We conducted a cross-section, case-control, and observational study from July 1, 2019 to December 31, 2021. Participants were divided into the following three groups according to the status of their renal function: control group (eGFR > 60 ml/min/1.732), CKD stage 3 group (30 ml/min/1.732 < eGFR < 60 ml/min/1.732) and CKD stage 4–5 group without dialysis (eGFR < 30 ml/min/1.732). Participants were enrolled in the control group without evidence of kidney damage, such as albuminuria or abnormal findings on renal imaging. Subjects with any of the following conditions will be excluded: cancer; acute infection; unable to protrude the tongue stably; risk of temporomandibular joint dislocation (Chen et al., 2021).
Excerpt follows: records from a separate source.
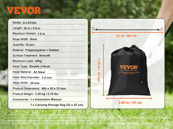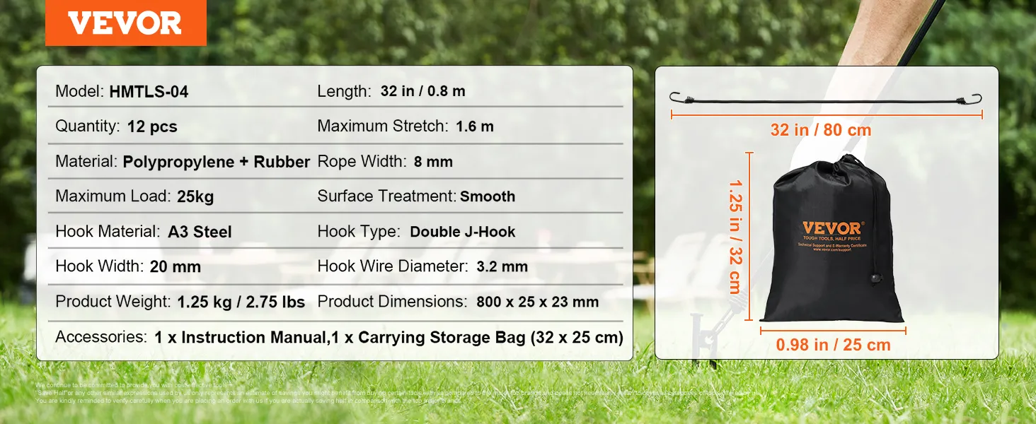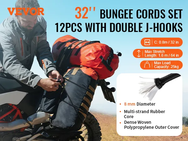 VEVOR 12-delige bungee-koordset met A3 stalen haken, 81,3 cm zware spanbanden, 8 mm elastische bungee-koordset voor kamperen, zeilen, motorfiets, vrachtwagen en tent, zwart
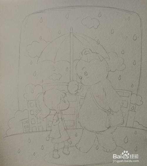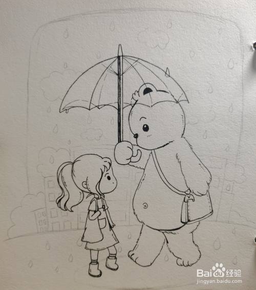 画出大熊举起的小伞。
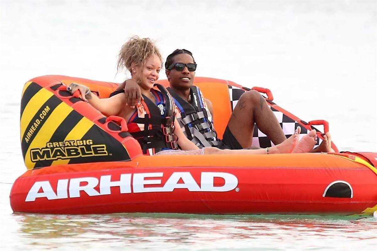 On August 6th, a Tuesday that will be remembered by their fans, Rihanna and A$AP Rocky were spotted enjoying a leisurely day at the beach in Barbados. The couple, famous for their glamorous lives and electrifying music careers, seemed to revel in this peaceful escape in A$AP Rocky's homeland. The soothing sound of the waves and the warm, tropical breeze provided a perfect backdrop for their idyllic outing. Dressed in vibrant life jackets, the pair lounged together on an eye-catching orange inflatable raft, their smiles and laughter a testament to their joy and relaxation.
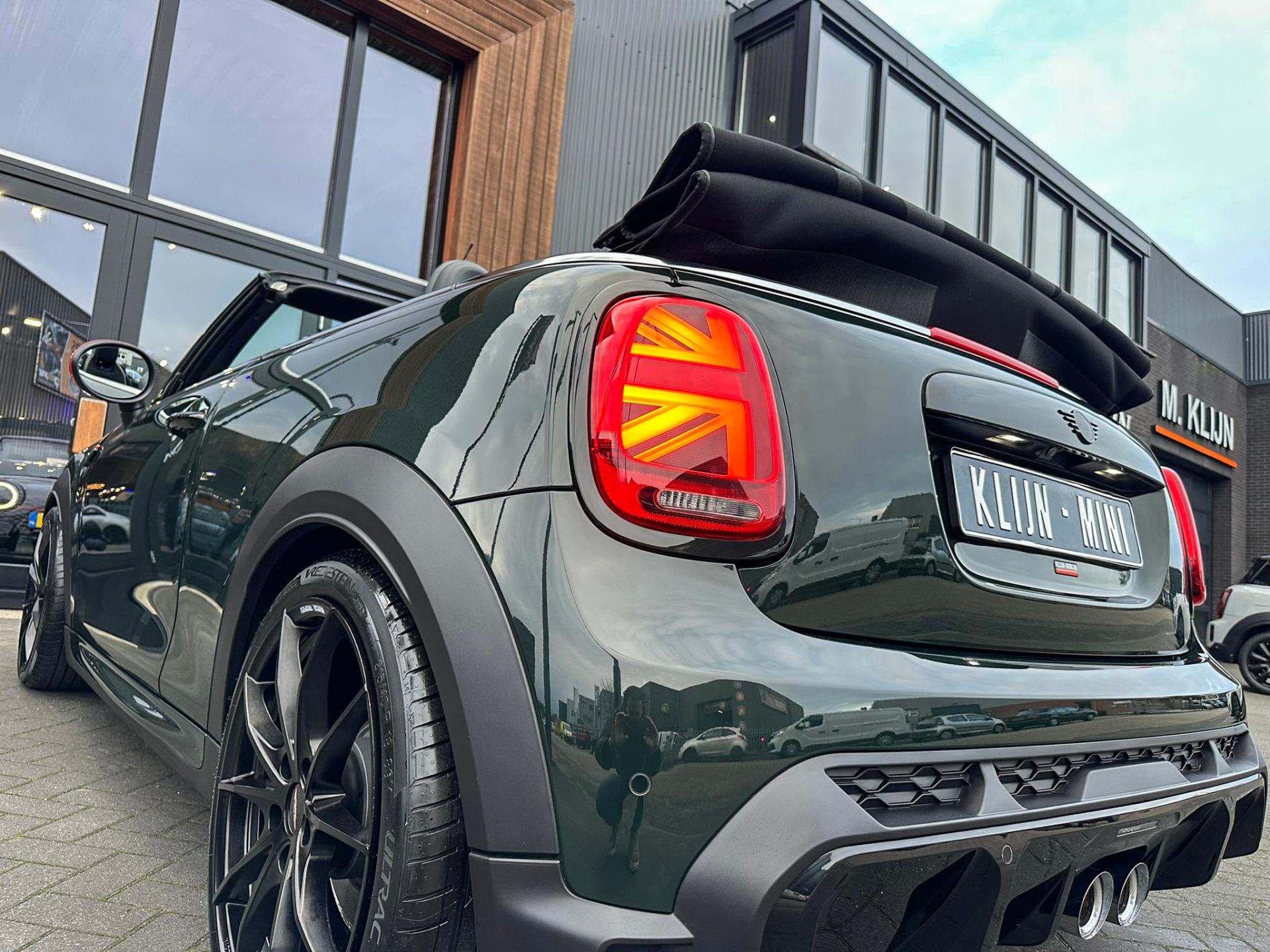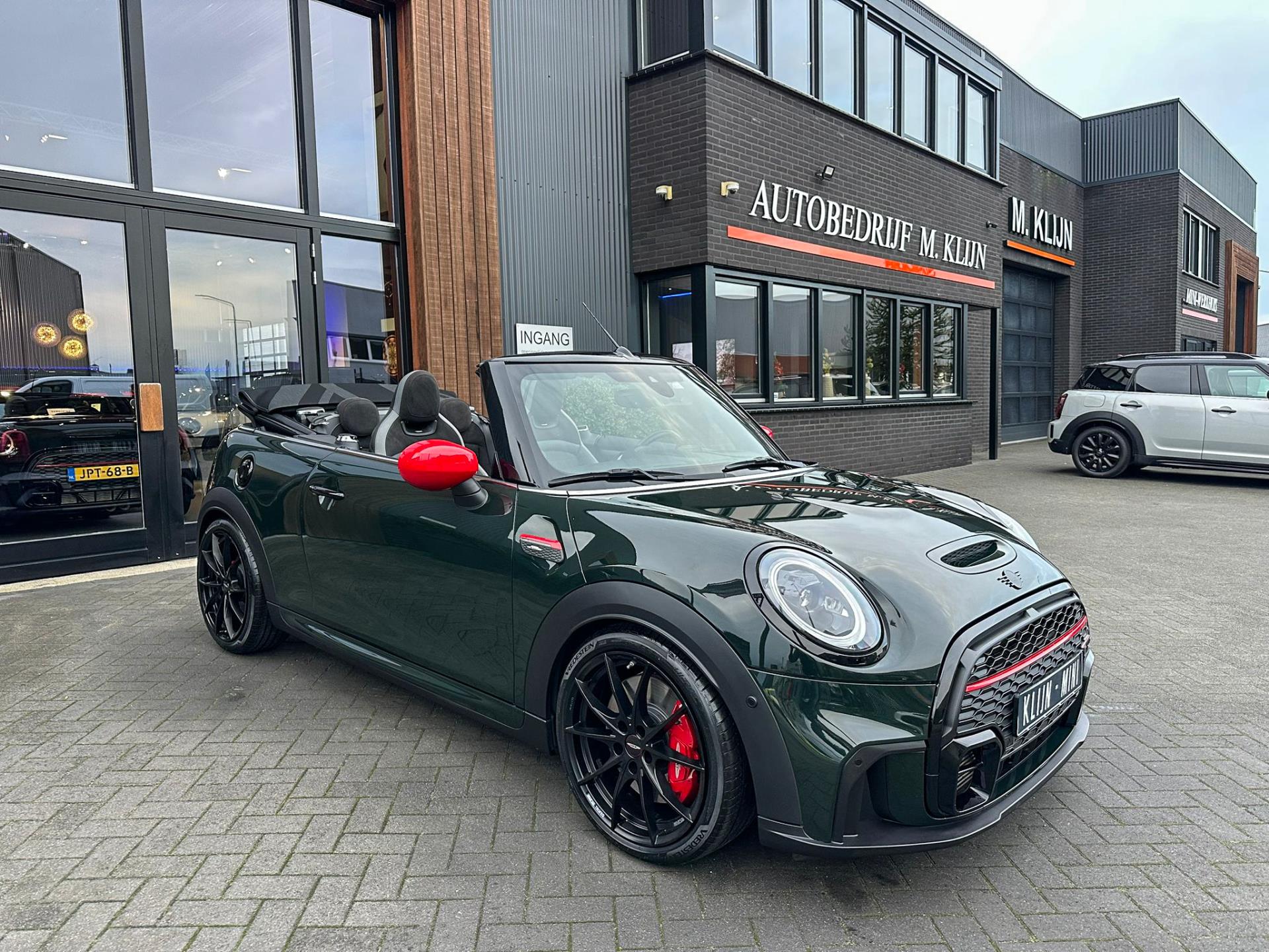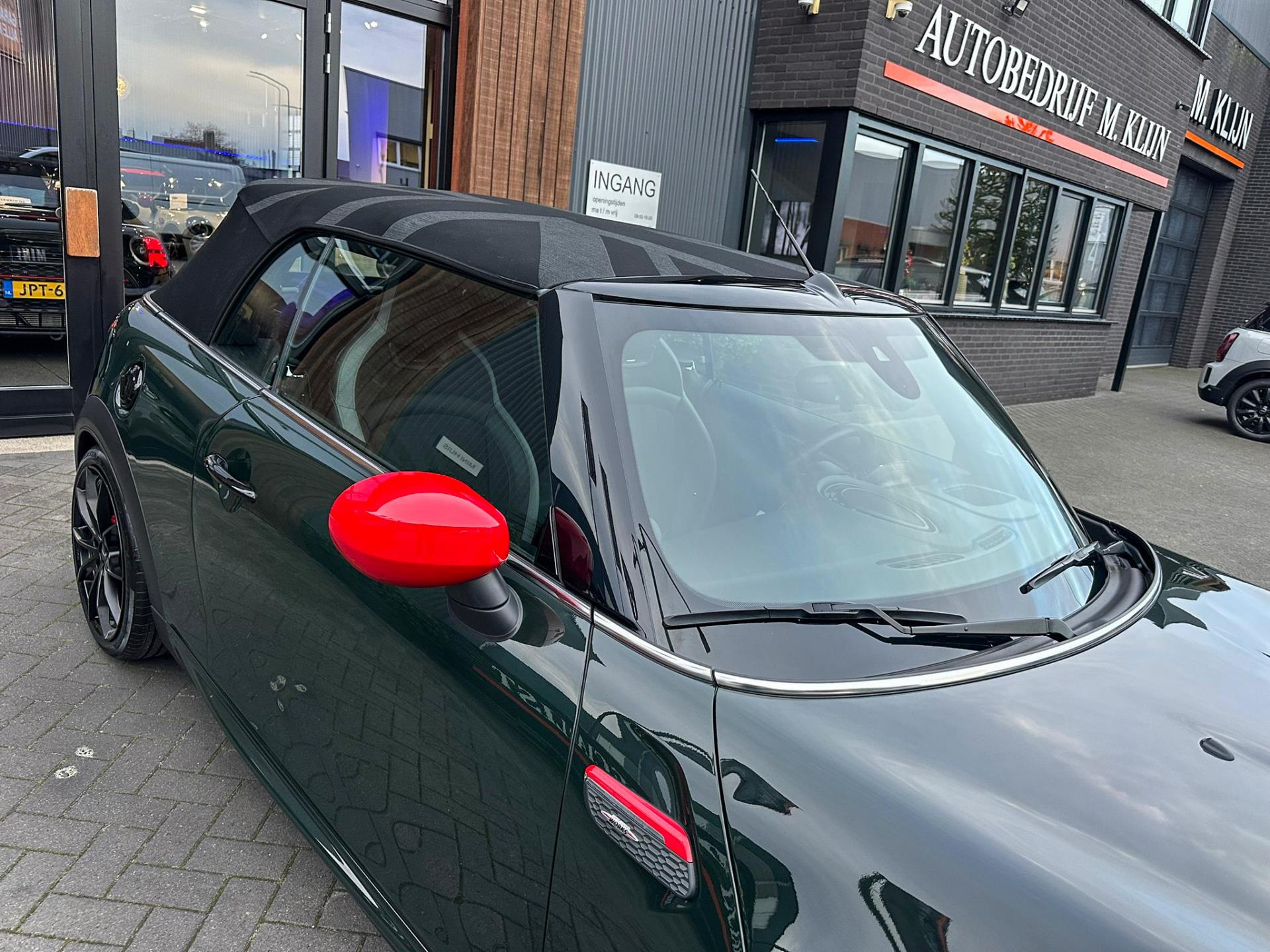 Unieke Mini John Cooper Works cabrio Blackline F1 sportautomaat met een 231pk motor in de prachtige kleur Rebel Green en uitgevoerd met een Union Jack cabriokap.Deze schitterende Mini is uitgerust met alle maar dan ook alle denkbare opties:Climate control,lederen/dinamica Jcw interieur,sportstoelen,stoelverwarming,stuurwiel verwarmd,virtual cockpit,breedbeeld navigatie,Mini connected XL,head up display,Harman Kardon soundsystem,achteruitrijcamera,adaptieve cruise control,dab tuner,tel,usb,performence control,apple carplay,Mini driving modus,elektrische cabriokap,Union Jack cabriokap,lederen Jcw sportstuur met flipperschakel,mf stuur,automatisch dimmende binnenspiegel, regensensor,verwarmde voorruit,facelift,full blackpack, voetgangersbeveiliging,dtc,elektrisch inklapbare spiegels, parkeersensoren voor en achter,alarm,parkassist(Mini parkeert zelf in),union Jack achterlichten,led koplampen met uitgebreide functies,18 inch Sparco Trofeo velgen,lichtpakket met Mini logo's,actieve cruise control,gezichtspakket,chili 2 pakket,43.000km origineel,nieuwprijs 63.000euro.Prachtig uitgevoerde Mini Jcw in concoursstaat voor de echte liefhebber
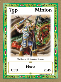 Play Notes: The Hero is adept at battle and is an expert at slaying Dragons. When in combat with a Dragon, the Hero has as a Skill Level 55. The hero can use any Item and is a great addition to any army.
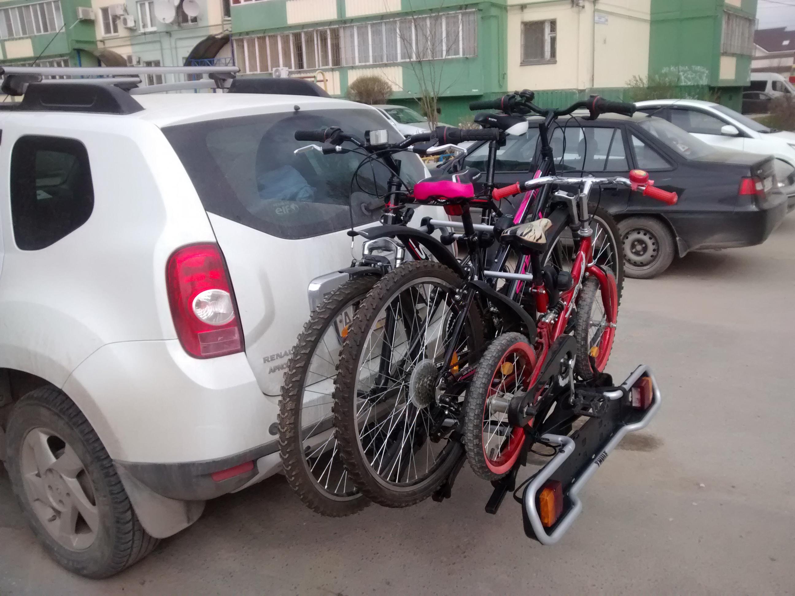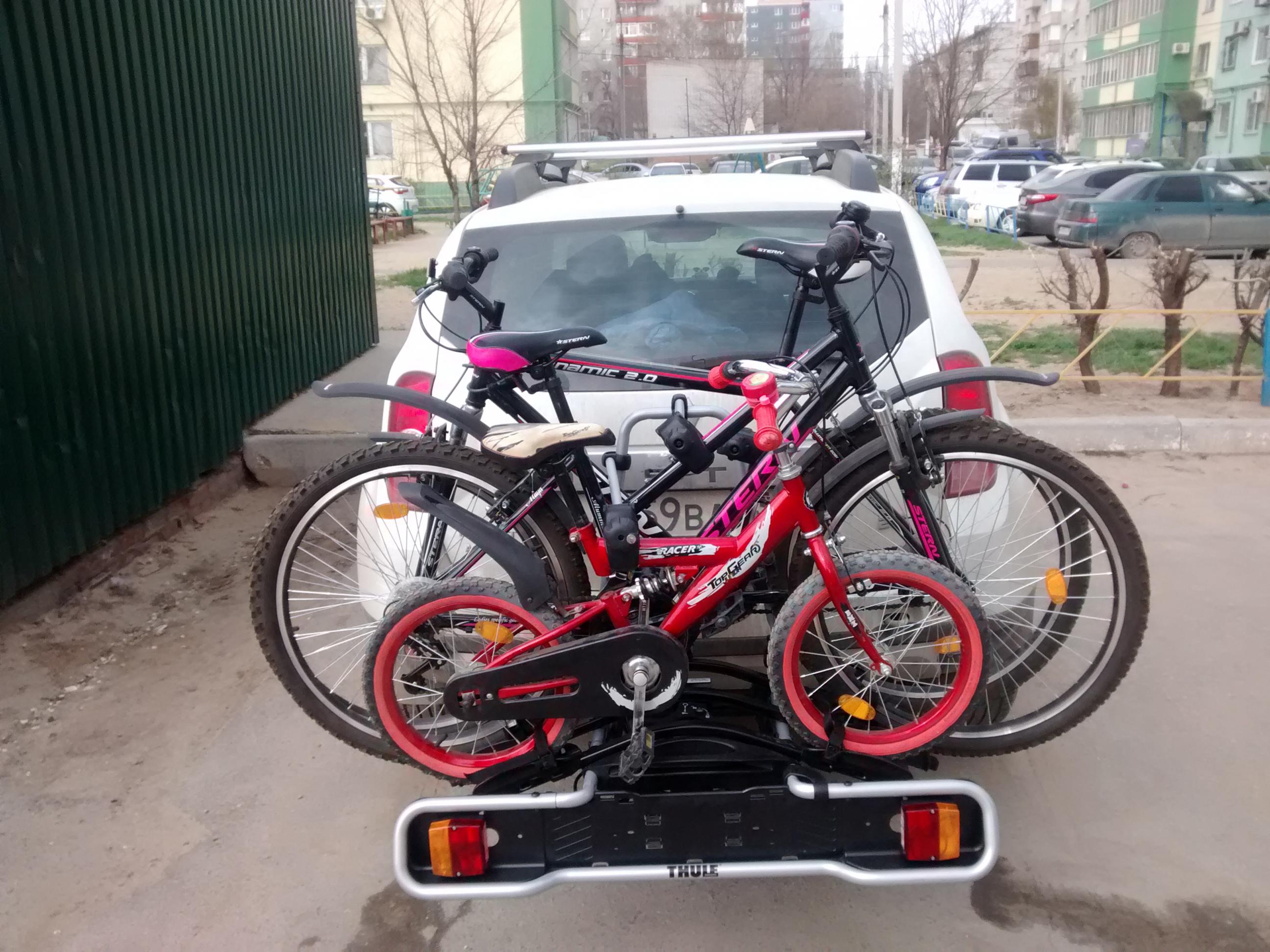 а можно вот так Но это на фаркоп, три велика - свободный доступ в багажник и можно ехать 130 кмч Они продаются под кодами Renault дешевле, чем под кодами Thule (хотя реально это Thule) вот например недорогие модели на фаркоп. Модель X-press - позволяет перевозить до 2-х велосипедов на фаркоп 7711419629 3699 Модель Hang-on - позволяет перевозить до 3-х велосипедов на фаркоп 7711422432 5299
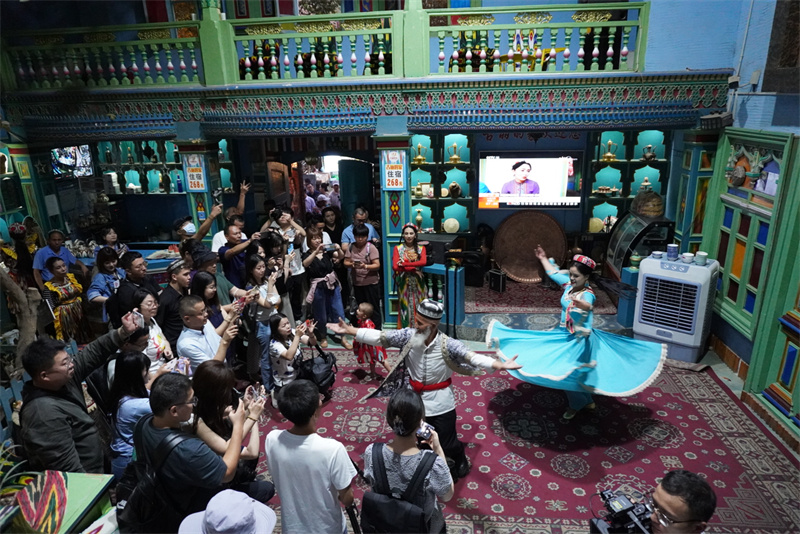 游客在“古丽的家”观看表演。人民日报记者 白阳摄

This study has been reviewed and approved by the Institutional Review Board (IRB) of Changhua Christian Hospital (CCH), Taiwan (IRB Nos. 190404 and 140704). This trial was registered with the National Institute of Health Clinical Trial Registry (clinicaltrials.gov; NCT04708743).

2.2 Participants

In this case-control study, we utilized data from a previous study to identify 340 healthy participants, excluding 22 subjects due to insufficient data, spanning from January 1, 2012, to December 31, 2016 (Hsu et al., 2019). We initially identified 370 patients with CKD stage 3 and 111 patients with CKD stage 4–5. Tongue images for all participants, including the control group, CKD stage 3 group, and CKD stage 4–5 group, were collected using the validated Automatic Tongue Diagnosis System (ATDS), which automatically extracted the corresponding tongue features.

2.3 Data collection

Information including demography, body mass index (BMI, kg/m2), CKD staging, estimated glomerular filtration rate (eGFR) and blood urea nitrogen (BUN) were collected for each subject. The duration of CKD history, comorbidity and complication in patient with CKD were also collected. Tongue images were collected for each subject to further derive the relevant tongue features of every participant. All personal details and photographs of subjects recruited were encrypted to ensure confidentiality.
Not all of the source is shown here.